Synergistically Induced Hypothermia and Enhanced Neuroprotection by Pharmacological and Physical Approaches in Stroke

Jun Zhang; Kaiyin Liu; Omar Elmadhoun; Xunming Ji; Yunxia Duan; Jingfei Shi; Xiaoduo He; Xiangrong Liu; Di Wu; Ruiwen Che; Xiaokun Geng; Yuchuan Ding

doi:10.14336/AD.2017.0817

Synergistically Induced Hypothermia and Enhanced Neuroprotection by Pharmacological and Physical Approaches in Stroke

Aging Dis. 2018 Aug 1;9(4):578-589. doi: 10.14336/AD.2017.0817. eCollection 2018 Aug.

Authors

Jun Zhang¹, Kaiyin Liu², Omar Elmadhoun², Xunming Ji¹, Yunxia Duan¹, Jingfei Shi¹, Xiaoduo He¹, Xiangrong Liu¹, Di Wu¹, Ruiwen Che¹, Xiaokun Geng^{2

3}, Yuchuan Ding^{1

2

3}

Affiliations

¹ 1China-America Institute of Neuroscience, Xuanwu Hospital, Capital Medical University, Beijing, China.
² 2Department of Neurosurgery, Wayne State University School of Medicine, Detroit, MI 48201, USA.
³ 3China-America Institute of Neuroscience, Luhe Hospital, Capital Medical University, Beijing, China.

Abstract

Hypothermia is considered as a promising neuroprotective treatment for ischemic stroke but with many limitations. To expand its clinical relevance, this study evaluated the combination of physical (ice pad) and pharmacological [transient receptor potential vanilloid channel 1 (TRPV1) receptor agonist, dihydrocapsaicin (DHC)] approaches for faster cooling and stronger neuroprotection.

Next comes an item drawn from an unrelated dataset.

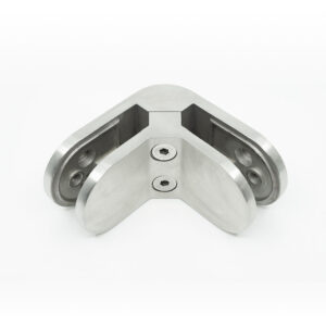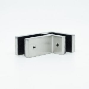 The 316 Stainless Steel Glass-to-Glass Corner Clamp for Glass Railing – Model A from West Railings is the clamp needed to connect glass guardrail panels together on a corner (or 90-degree angle) for extra support.
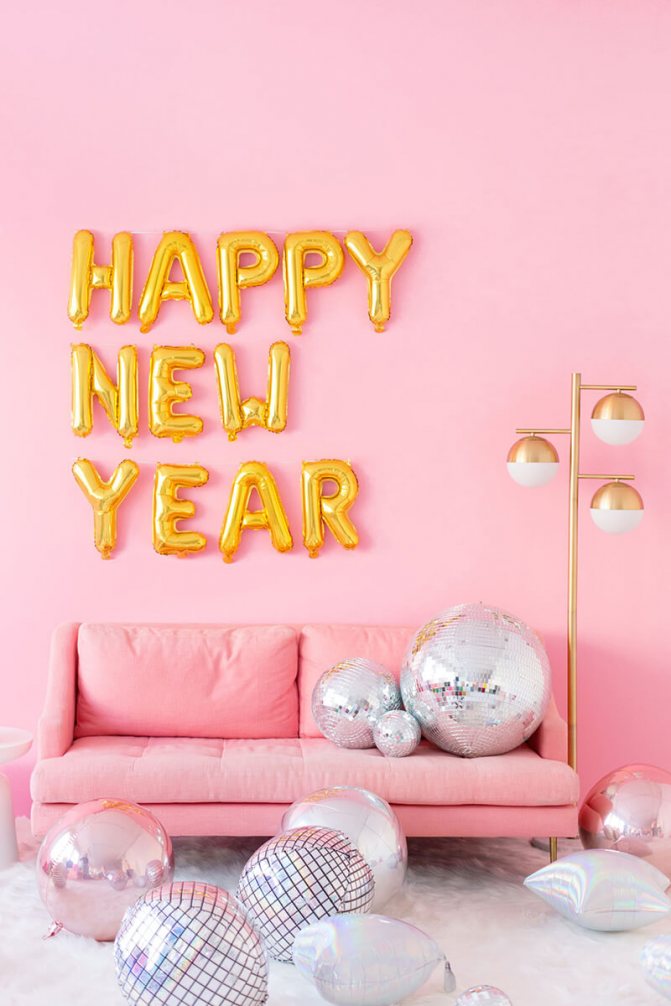 Если у Вас есть возможность прикупить в магазине целую новогоднюю надпись, которая состоит из отдельных букв-воздушных шариков, то ваш интерьер по умолчанию уже будет восхитительным!

A total of 144 male Sprague Dawley rats were randomized to 7 groups: sham (n=16), stroke only (n=24), stroke with physical hypothermia at 31ºC for 3 h after the onset of reperfusion (n=24), high-dose DHC (H-DHC)(1.5 mg/kg, n=24), low-dose DHC (L-DHC)(0.5 mg/kg, n=32) with (n=8) or without (n=24) external body temperature control at ~38 ºC (L-DHC, 38 ºC), and combination therapy (L-DHC+ ice pad, n=24). Rats were subjected to middle cerebral artery occlusion (MCAO) for 2 h. Infarct volume, neurological deficits and apoptotic cell death were determined at 24 h after reperfusion. Expression of pro- and anti-apoptotic proteins was evaluated by Western blot. ATP and reactive oxygen species (ROS) were detected by biochemical assays at 6 and 24 h after reperfusion. Combination therapy of L-DHC and ice pad significantly improved every measured outcome compared to monotherapies. Combination therapy achieved hypothermia faster by 28.6% than ice pad, 350% than L-DHC and 200% than H-DHC alone. Combination therapy reduced (p<0.05) neurological deficits by 63% vs. 26% with L-DHC. No effect was observed when using ice pad or H-DHC alone. L-DHC and ice pad combination improved brain oxidative metabolism by reducing (p<0.05) ROS at 6 and 24 h after reperfusion and increasing ATP levels by 42.9% compared to 25% elevation with L-DHC alone. Finally, combination therapy decreased apoptotic cell death by 48.5% vs. 24.9% with L-DHC, associated with increased anti-apoptotic protein and reduced pro-apoptotic protein levels (p<0.001). Our study has demonstrated that combining physical and pharmacological hypothermia is a promising therapeutic approach in ischemic stroke, and warrants further translational investigations.

Keywords: ATP; Ischemia/reperfusion; apoptosis; combination therapy; reactive oxygen species.